Microencapsulated Sodium Butyrate in the Prevention of Acute Radiotherapy Proctitis: Single-Center Prospective Study

Abstract

Background/Objectives: Prostate cancer is the most frequent cancer in men, for which Radiotherapy (RT) is used as a radical or post-surgical treatment. Actinic proctitis is one of the most disabling side effects of RT. Intestinal microbiome studies have highlighted the importance of short-chain fatty acids, in particular butyric acid, for their beneficial effects over intestinal epithelial cells. The aim of this prospective study is to evaluate if treatment with micro-encapsulated sodium butyrate (MESB) can reduce the incidence of actinic proctitis during RT in prostate cancer patients. Methods: In total, 122 consecutive patients with prostate cancer treated in Radiotherapy Unit, Centro di Riferimento Oncologico, IRCCS Aviano, were enrolled. Patients received MESB (3 tablets/day) from one week before until four weeks after RT. They completed a diary, tracking daily bowel movements, rectal bleeding, abdominal pain, and perceived health status before, at the end, and one month after RT. Results: Although an improvement in symptoms was observed, when comparing interpatient data before RT vs. one month after the end of RT, statistically significant differences emerged only regarding abdominal pain (94.2% vs. 81.6% vs. 81.6%) (McNemar’s test p < 0.002). Conclusions: MESB appears effective in reducing radiation-induced bowel toxicity during RT, minimizing stool changes, incontinence, and abdominal pain. Although patients’ health perception declined at RT completion, it improved after one month, suggesting MESB may support clinical recovery post-treatment.

1. Introduction

In the last decade, prostate cancer has become the most common malignancy among the male population in Western countries. In Italy, its incidence reached 40,192 new diagnoses in 2024, with an estimated mortality of 8200 deaths in 2022 [1]. Since 1995, overall survival has improved significantly, now standing at 91% at 5 years after diagnosis [2]. RT (radiotherapy) is now a main therapeutic option, not only as an adjuvant therapy after surgery but also for curative intentions.
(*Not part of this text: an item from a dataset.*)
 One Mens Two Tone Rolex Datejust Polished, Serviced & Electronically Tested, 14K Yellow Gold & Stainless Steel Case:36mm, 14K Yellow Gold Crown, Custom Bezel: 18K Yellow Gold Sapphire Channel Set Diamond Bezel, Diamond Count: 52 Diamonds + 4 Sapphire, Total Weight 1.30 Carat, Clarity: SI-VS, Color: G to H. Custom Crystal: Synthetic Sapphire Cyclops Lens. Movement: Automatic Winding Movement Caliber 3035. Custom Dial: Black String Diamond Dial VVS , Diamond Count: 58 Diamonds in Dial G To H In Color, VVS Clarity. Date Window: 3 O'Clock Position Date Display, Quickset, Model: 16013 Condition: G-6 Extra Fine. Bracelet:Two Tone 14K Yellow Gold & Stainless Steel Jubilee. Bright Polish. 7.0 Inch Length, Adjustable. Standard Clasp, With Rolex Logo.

However, treatment with RT in prostate cancer is responsible for a proportion of gastrointestinal manifestations, ranging from abdominal pain, diarrhea, and rectal bleeding. These symptoms significantly affect daily activities: in fact, 50% of subjects affected report an impact of GI (gastrointestinal) changes on their quality of life, and 20–40% of them consider this effect to be moderate or severe [3]. Incidence varies based on different radiation protocols, observation period, and diagnostic criteria.

In prostate cancer patients, one of the most troublesome and disabling problems is represented by actinic proctitis (AP). It is a frequent complication of pelvic radiotherapy which involves up to 5 to 50% of patients [3]. Its spectrum may vary from asymptomatic mucosal lesions (only detected at histological examination) to an acute clinical syndrome characterized by diarrhea, rectal bleeding, mucoid discharge, urgency, tenesmus, and incontinence [4].
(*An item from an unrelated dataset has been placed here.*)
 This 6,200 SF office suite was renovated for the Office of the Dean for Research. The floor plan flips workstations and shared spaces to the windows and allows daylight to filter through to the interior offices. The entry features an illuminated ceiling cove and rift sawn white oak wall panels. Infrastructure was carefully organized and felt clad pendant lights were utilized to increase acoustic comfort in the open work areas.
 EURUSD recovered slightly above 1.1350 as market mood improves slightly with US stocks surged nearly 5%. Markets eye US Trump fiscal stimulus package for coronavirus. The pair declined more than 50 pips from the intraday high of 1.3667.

Actinic proctitis may occur within one month after the start of radiation therapy (acute AP) or months and years after the end of radiation treatment (chronic AP). Notably, acute actinic proctitis is described as a dose-dependent phenomenon occurring within the first six weeks of RT treatment, usually self-limiting. The incidence ranges between 2 and 39% with external beam RT [5].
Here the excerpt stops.